* Available data *
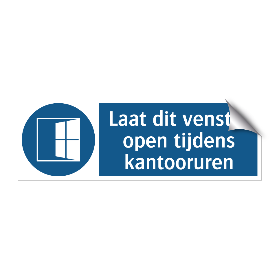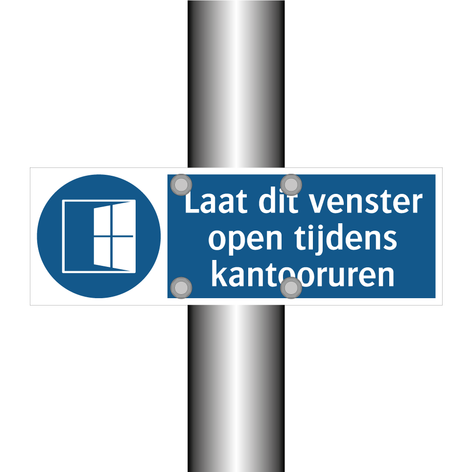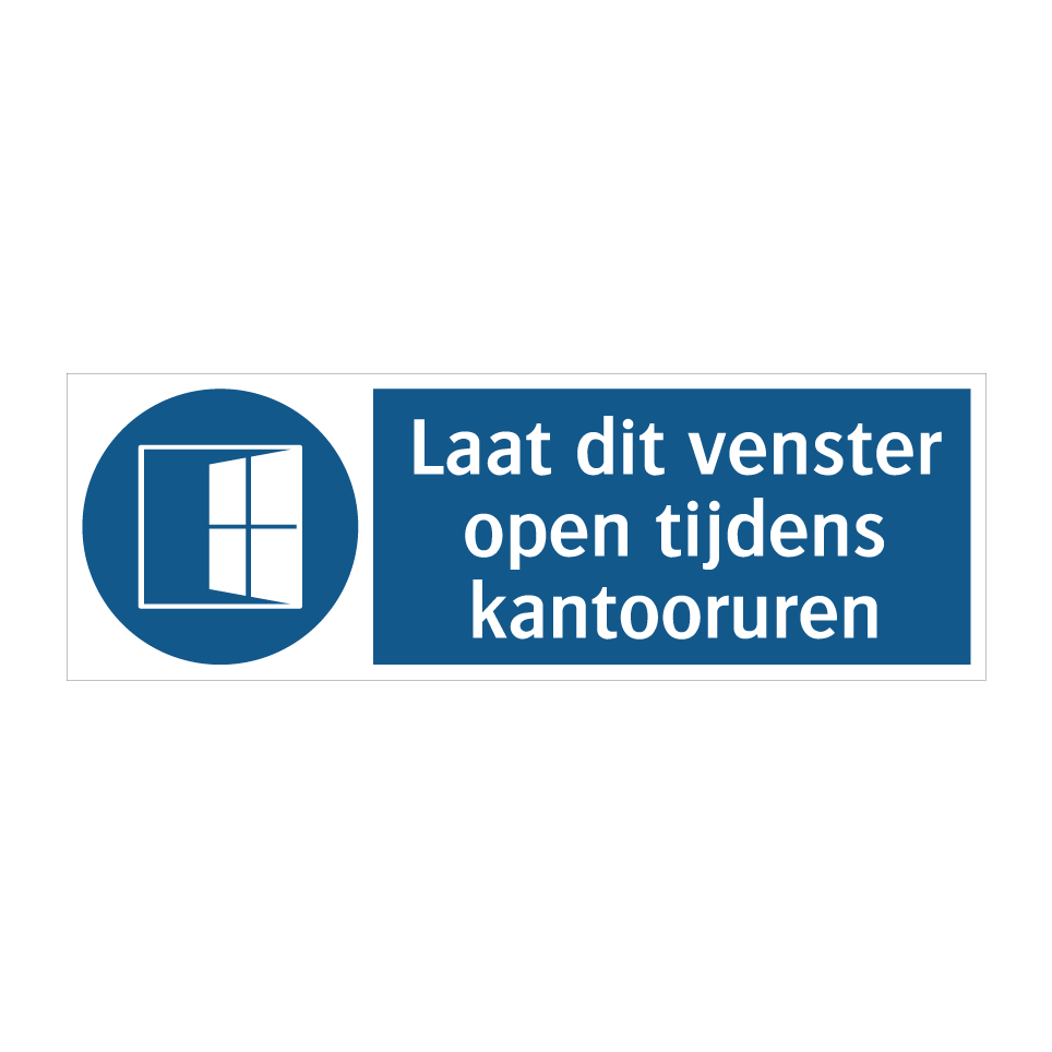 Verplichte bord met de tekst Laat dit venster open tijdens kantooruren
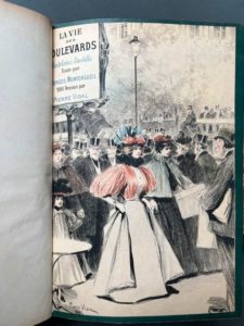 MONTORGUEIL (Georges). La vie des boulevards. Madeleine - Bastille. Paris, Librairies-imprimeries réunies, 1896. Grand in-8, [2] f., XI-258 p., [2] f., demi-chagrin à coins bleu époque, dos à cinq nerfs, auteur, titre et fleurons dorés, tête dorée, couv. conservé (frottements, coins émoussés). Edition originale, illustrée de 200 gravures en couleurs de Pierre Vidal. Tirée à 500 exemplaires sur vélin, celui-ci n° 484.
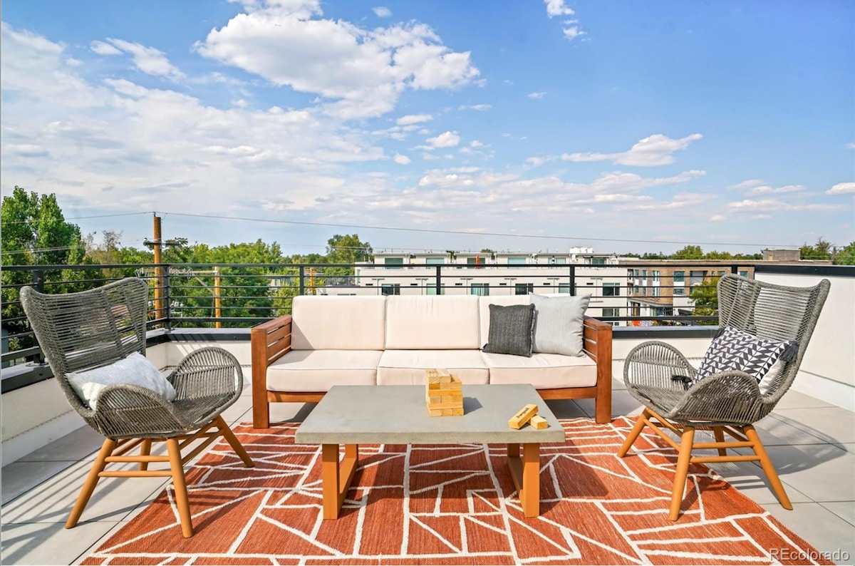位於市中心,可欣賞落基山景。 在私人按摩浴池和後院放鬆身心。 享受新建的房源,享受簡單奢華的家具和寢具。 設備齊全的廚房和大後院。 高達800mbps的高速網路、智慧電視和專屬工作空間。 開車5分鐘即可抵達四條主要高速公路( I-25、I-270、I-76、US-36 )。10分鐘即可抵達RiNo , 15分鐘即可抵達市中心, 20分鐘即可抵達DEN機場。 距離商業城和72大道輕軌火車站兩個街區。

* Work instructions *
The answer should match the material exactly, with every picture removed.

* Written reply *
 Verplichte bord met de tekst Laat dit venster open tijdens kantooruren
 MONTORGUEIL (Georges). La vie des boulevards. Madeleine - Bastille. Paris, Librairies-imprimeries réunies, 1896. Grand in-8, [2] f., XI-258 p., [2] f., demi-chagrin à coins bleu époque, dos à cinq nerfs, auteur, titre et fleurons dorés, tête dorée, couv. conservé (frottements, coins émoussés). Edition originale, illustrée de 200 gravures en couleurs de Pierre Vidal. Tirée à 500 exemplaires sur vélin, celui-ci n° 484.
位於市中心,可欣賞落基山景。 在私人按摩浴池和後院放鬆身心。 享受新建的房源,享受簡單奢華的家具和寢具。 設備齊全的廚房和大後院。 高達800mbps的高速網路、智慧電視和專屬工作空間。 開車5分鐘即可抵達四條主要高速公路( I-25、I-270、I-76、US-36 )。10分鐘即可抵達RiNo , 15分鐘即可抵達市中心, 20分鐘即可抵達DEN機場。 距離商業城和72大道輕軌火車站兩個街區。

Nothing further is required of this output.